Para llegar al punto de inicio, desde Alginet seguiríamos la A-7 hacia La Alcudia y allí tomaríamos la salida 373 para coger la CV-50 que nos llevaría a Alcira y Tavernes de Valldigna. Allí tomaríamos la N-332 y A-38 e iríamos en dirección a Gandía y Oliva para salirnos en Ondara y seguir por la CV-731 Orba – Benidoleig y pasaríamos por Orba, Fleix y Benimaurell, donde aparcaríamos.

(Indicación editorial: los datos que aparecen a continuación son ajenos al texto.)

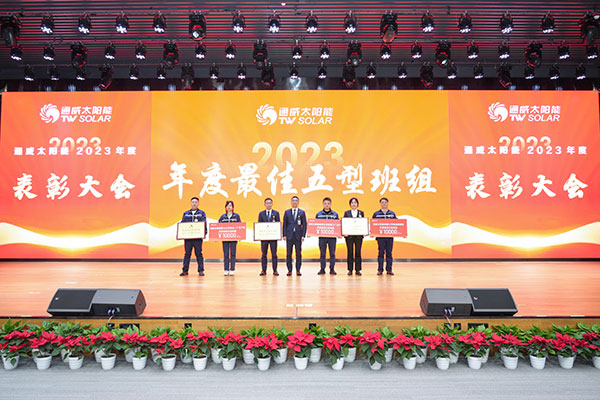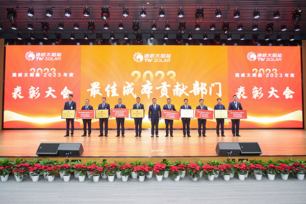 表彰現場,周總對獲獎的員工及團隊表示祝賀,并對奮斗在一線的每一位通威家人表示衷心的感謝。他表示,2023年,通威太陽能公司在全體員工的共同努力下取得了顯著的成績,接下來的2024年是頗具機遇以及挑戰的一年,要始終保持戰戰兢兢,如履薄冰的工作精神,強化責任意識,多用放大鏡找自己的缺點,多用放大鏡看別人的優點,讓各項競爭力指標都在行業里做到遙遙領先。
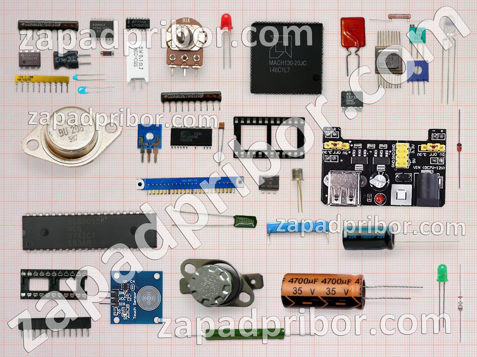 Кроме этих радиодеталей на нашем сайте вы сможете найти большой перечень компонентов. Осуществляйте поиск по основным типам радиодеталей таких как экран, светодиод, разъем, резистор, трансформатор, фотодиод, индуктивность, резонатор, датчик, микросхема, соединитель, тиристор, усилитель, контакты, реле, дроссель, кнопка, диодный мост, дисплей, индикатор, транзистор, конденсатор, переключатель, адаптер, тумблер, преобразователь, диод, колодки и другие.
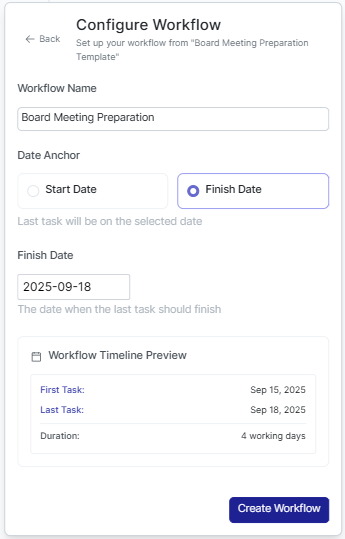 Preparing for a board meeting on 18 September? Set Finish Date to Sept 18, and WorkTiles will work backwards to make sure everything is done in time.
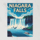 Un clásico cartel de viaje vintage captura las poderosas cataratas del Niágara, con dos barcos turísticos navegando por las aguas turbulentas debajo, todo bajo un dinámico cielo azul con nubes suaves. "CATARATAS DEL NIÁGARA" se muestra de manera prominente en la parte superior.
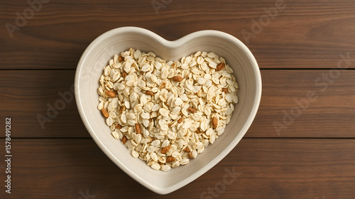 Oatmeal in heart-shaped plate on wooden surface
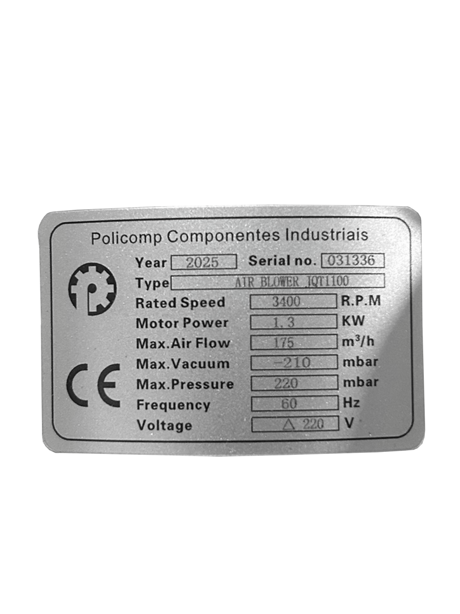 BOMBA VÁCUO (SOPRADOR RADIAL) ESTÁGIO ÚNICO 1.3KW (1.76CV), 220/380V

Esta ruta se suele empezar en Fleix pero, aparte de que se hace un pequeño tramo de ida y vuelta, a nosotros nos interesaba aparcar cerca del bonito lavadero de  Benimaurell, que normalmente tiene agua, fuente y varias mesas y así aprovecharíamos para comer allí.
Comenzaríamos a caminar en dirección a Fleix y antes de llegar al pueblo visitaríamos el lavadero y su fuente, que últimamente suelen estar secos. Volveríamos un  poco sobre nuestros pasos y comenzaríamos a bajar el primer tramo de escalones. Haríamos la ruta marcada con sus constantes subidas y bajadas, pasando por el Forat y varias fuentes y cruzaríamos en dos ocasiones el Barranc de l’Infern. Menos la fuente del lavadero de Fleix, las otras suelen tener agua para refrescarse. Y si alguno tiene curiosidad y empeño podría ir contando los escalones.
Es de gran interés echarle un vistazo a este artículo de El País, al que se hace referencia en la página de linkalicante.com, donde se describe el momento de la expulsión de los moriscos de esta zona titulado LA MASACRE DEL CAVALL VERD, ya que en esta zona se produjo la última batalla: Artículo de El País.

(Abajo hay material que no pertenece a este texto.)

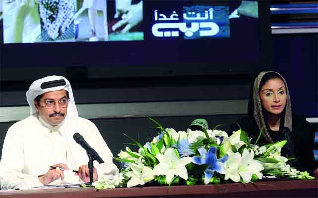 نجلاء العوضي وعمر غباش يستعرضان ملامح الدورة البرامجية الجديدة. تصوير: ساتيش كومار
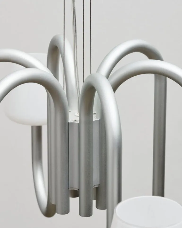 Ljuskronan Apollo från HAY består av en härlig blandning av traditionella och moderna inslag. Den moderna ljuskronan har skapats av Studio 0405 och består av sex bågformade armar med lampskärmar av opalglas, där de munblåsta, organiska formerna skapar en lekfull kontrast till aluminiumrören med sin industriella framtoning.
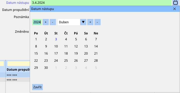 Datum je možné také zvolit výběrem v kalendáři, viz obrázek:
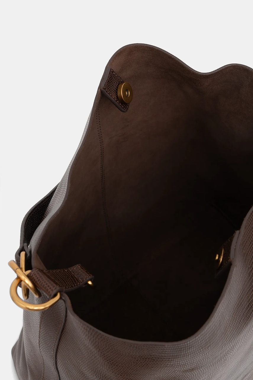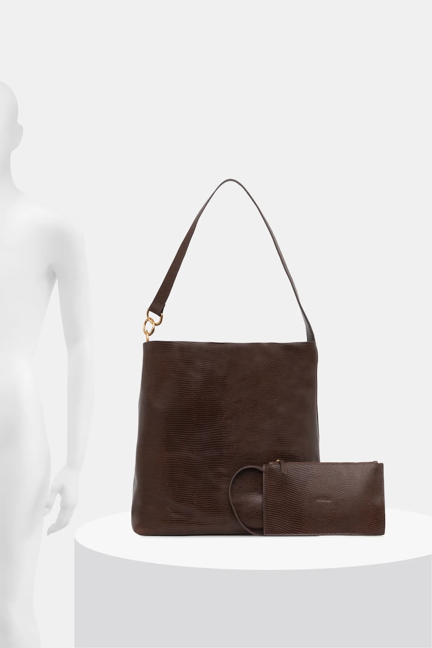 - Zapięcie na magnes. - Dołączony tekstylny worek zabezpiecza produkt przed kurzem. - Odpinana saszetka pozwoli przechować niezbędne drobiazgi. - Mieści format A4. - Model bez podszewki. - Brak kieszeni wewnętrznych. - Długi uchwyt. - Długość uchwytu: 70 cm. - Głębokość: 20 cm. - Wysokość: 36 cm. - Szerokość u podstawy: 34 cm.

Así entra uno en ambiente y se traslada mentalmente a aquella época.

A la cita acudieron Ángela, Pili, Ana, Quico, Nolo, Manuel Carlos y un servidor. Aparcamos nada más entrar al pueblo y a pocos metros a la derecha teníamos la bajada cementada que dirigía al lavadero y donde comenzaba nuestra ruta.

El lugar es precioso y por eso lo había elegido para que pudiéramos comer aquí al finalizar la ruta.

Dispone de dos mesas de merendero, fuente de la que caen dos buenos chorros y que dicen que tiene una de las mejores aguas de la zona y un lavadero perfectamente conservado, donde nos refrescaríamos al terminar ¿Qué más se puede pedir?



Entre los muchísimos cerezos que abundan en esta comarca, vimos algún árbol de aguacates. Si, como parece, se da bien este cultivo, podrían plantar muchos más pues es una fruta súper nutritiva y están carísimos. Además así se diversificaría el mercado. Cuando a todo el mundo le dio por plantar naranjos se saturó el mercado y ya no eran rentables. Ahora están sustituyendo masivamente los naranjos por Caqui Persimon y al final va a pasar lo mismo. Planten más aguacates. Es el futuro.

El camino en dirección a Fleix es por una pista asfaltada en ligero descenso y ya se podían ver a nuestra izquierda las montañas y barrancos por los que circularíamos a continuación.

Una mirada atrás para observar la población de Benimaurell, de donde habíamos partido.


Vistas a la izquierda, donde ya se podían ver los tramos de escaleras al fondo en la otra ladera.
 


Pasamos unos metros la señal que indica la senda de bajada para visitar el lavadero de Fleix.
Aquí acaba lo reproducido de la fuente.